Inclement weather can be a good excuse to put off the daily jog, but new research suggests that exercising in lower temperatures could burn off more fat than normal – at least when it comes to shorter bursts of high-intensity exercise.
In a study of 11 “moderately fit, overweight” adult volunteers, lipid oxidation – the technical term for burning fat – increased by more than three times during exercise in a colder environment of 32 degrees Fahrenheit (zero degrees Celsius), compared with a “thermoneutral” environment of around 70 degrees Fahrenheit (21 degrees Celsius).
Participants were taken through a set of standard workouts for high-intensity interval exercise (HIIE), also known as high-intensity interval training (HIIT), at each temperature: ten 1-minute cycling sprints at 90 percent effort, followed by 90-second recovery periods of cycling at 30 percent effort, with a cool down period at the end of both sessions.

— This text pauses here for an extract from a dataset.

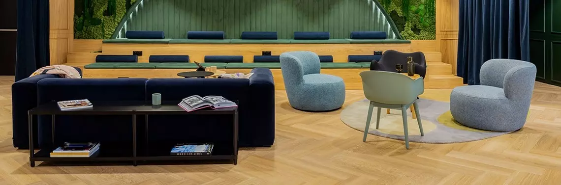 Grupa OLX swoją siedzibę ma w Poznaniu w biurowcu Maraton. Wcześniej zajmowała już 4 i 5 piętro budynku, ale ze względu na ciągły rozwój postanowiła wynająć kolejne przestrzenie. I tak w połowie 2021 roku rozpoczęła się inwestycja, która miała dostosować do potrzeb firmy także piętra 2 i 3. To był specyficzny czas po szczycie pandemii. Klient miał świadomość, że musi stworzyć dla pracowników przestrzeń, w której poczują się równie swobodnie jak w domu podczas home office. Tak, by chcieli tu wrócić. Dlatego biuro łączy ergonomię z domową przytulnością, a nowoczesne rozwiązania, jak elektryczne biurka czy specjalistyczne oświetlenie, funkcjonują tu obok komfortowych sof i miękkich dywanów.

“This is the first known study to investigate the effects of cold ambient temperatures on acute metabolism during high-intensity interval exercise, as well as postprandial metabolism the next day,” write the researchers from Laurentian University in Canada in their paper.
“We observed that high-intensity interval exercise in a cold environment does change acute metabolism compared to a thermoneutral environment. However, the addition of a cold stimulus was less favourable for postprandial metabolic responses the following day.”
When our bodies get active, they’re better able to process nutrients and regular lipid or fat levels in the blood. To check the effect on the study volunteers, the researchers measured skin temperature, core body temperature, heart rate, and the amount of oxygen delivered to the quadriceps muscles.
The next morning – after a high-fat breakfast – blood samples were taken to check on insulin, glucose, and triglyceride levels, to figure out lipid oxidation rates again and to see if the benefits of the previous night had carried over.
While exercise in the cold increased lipid oxidation by 358 percent immediately afterwards, there was no substantial difference following breakfast the next morning (the “postprandial” period). In fact, glycemic response (the change in the body’s blood sugar levels after eating) was better after exercise in the thermoneutral environment, as far as post-breakfast readings were concerned.
“[W]hile acute benefits seem to be present during acute HIIE in the cold, postprandial metabolic responses are less favourable when high-intensity interval exercise is performed with acute cold exposure,” conclude the researchers.
With so few volunteers and just a couple of HIIE sessions, it’s too early to draw sweeping conclusions from the study – but it is an interesting starting point for looking at how ambient temperature might affect fat burning during bursts of intensive exercise.
Previous studies have shown that HIIE is very effective at burning off fat – which is part of its appeal – and there’s also an established link between body metabolism after exercise and how hot or cold the environment is. This new study combines those two fields of research to look for further correlations.
We know that exercise is crucial in staying well and reducing the risk of diabetes, liver diseases, cardiovascular disease and other health issues – so the more we know about what makes for efficient, beneficial exercise and what doesn’t, the better.
The research has been published in the Journal of Applied Physiology.